## ASSIGNED TASK
Below are some entries. Transcribe the lines from the one holding "Efektywne i bezpieczne" to the one holding "La gran ventaja", inclusive, but not the pictures among them.

## LISTED ENTRIES

------------------------------------------------

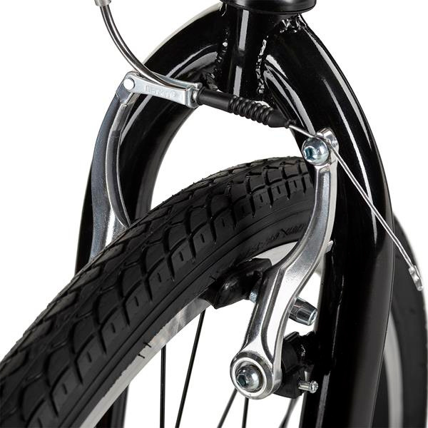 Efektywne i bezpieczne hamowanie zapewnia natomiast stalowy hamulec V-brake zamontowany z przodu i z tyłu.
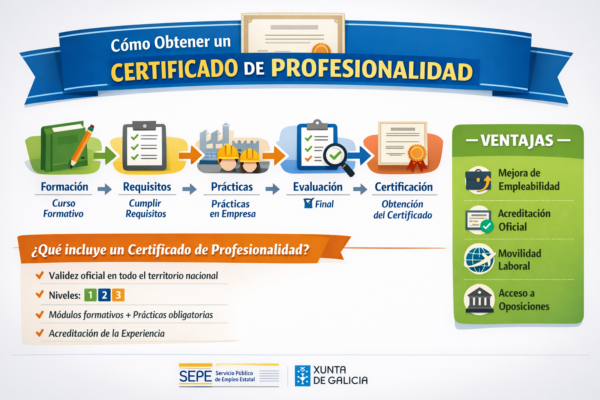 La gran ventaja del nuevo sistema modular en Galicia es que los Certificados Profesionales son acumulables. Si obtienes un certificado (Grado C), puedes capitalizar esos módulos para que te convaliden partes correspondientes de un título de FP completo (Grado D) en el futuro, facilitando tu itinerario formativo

------------------------------------------------

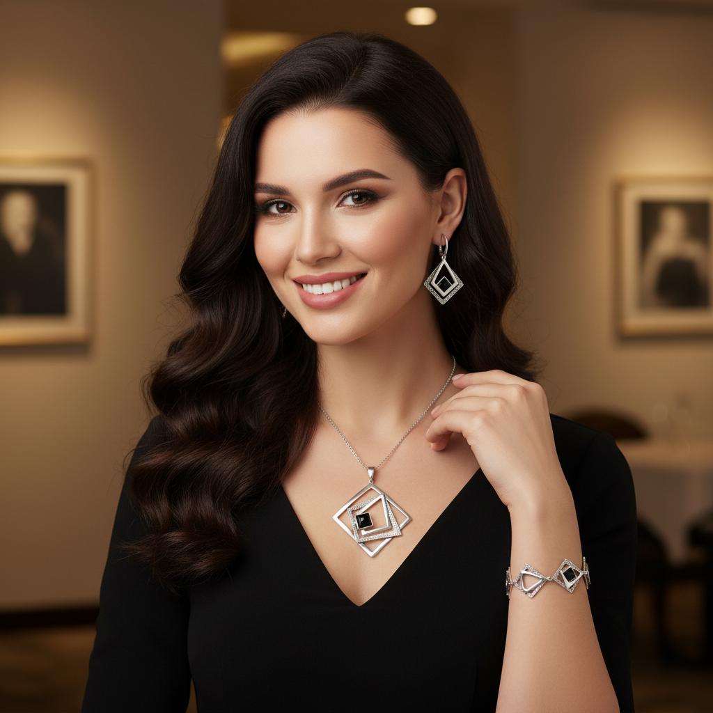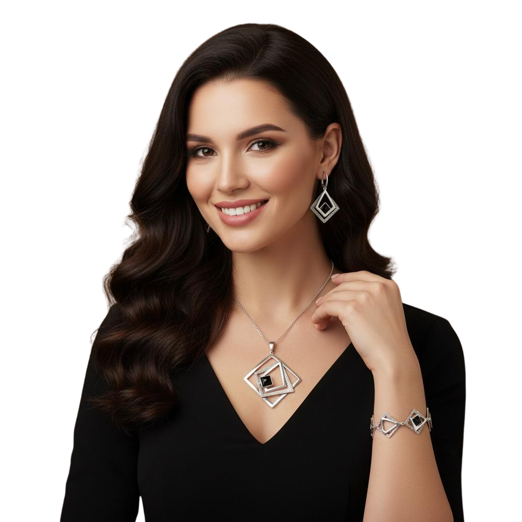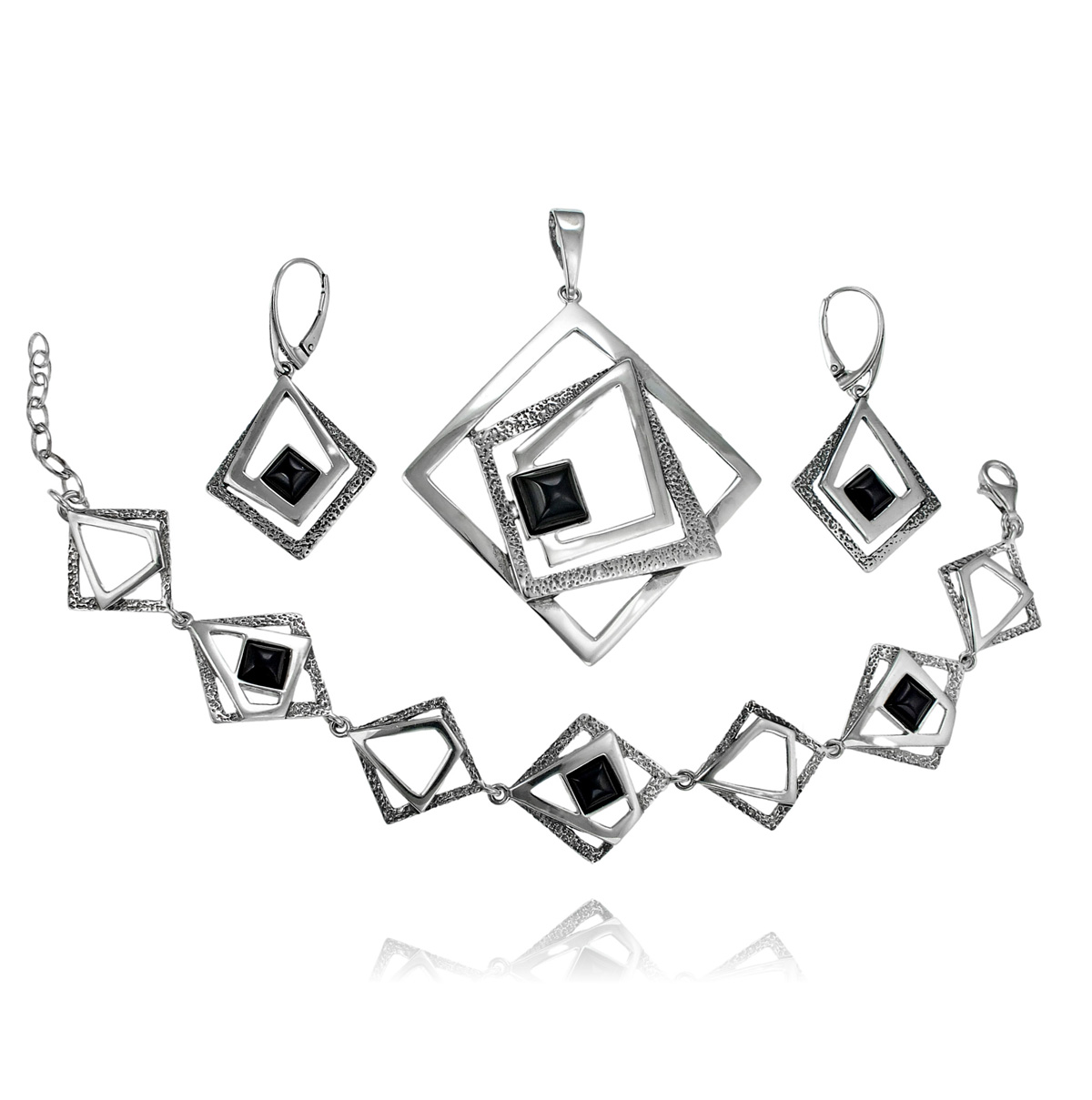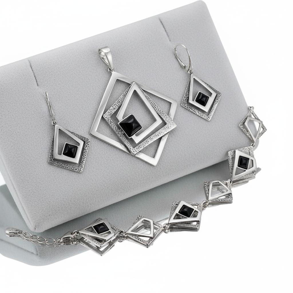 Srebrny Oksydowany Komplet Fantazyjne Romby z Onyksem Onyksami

------------------------------------------------

## RESPONSE TO THIS EXERCISE
 Efektywne i bezpieczne hamowanie zapewnia natomiast stalowy hamulec V-brake zamontowany z przodu i z tyłu.
 La gran ventaja del nuevo sistema modular en Galicia es que los Certificados Profesionales son acumulables. Si obtienes un certificado (Grado C), puedes capitalizar esos módulos para que te convaliden partes correspondientes de un título de FP completo (Grado D) en el futuro, facilitando tu itinerario formativo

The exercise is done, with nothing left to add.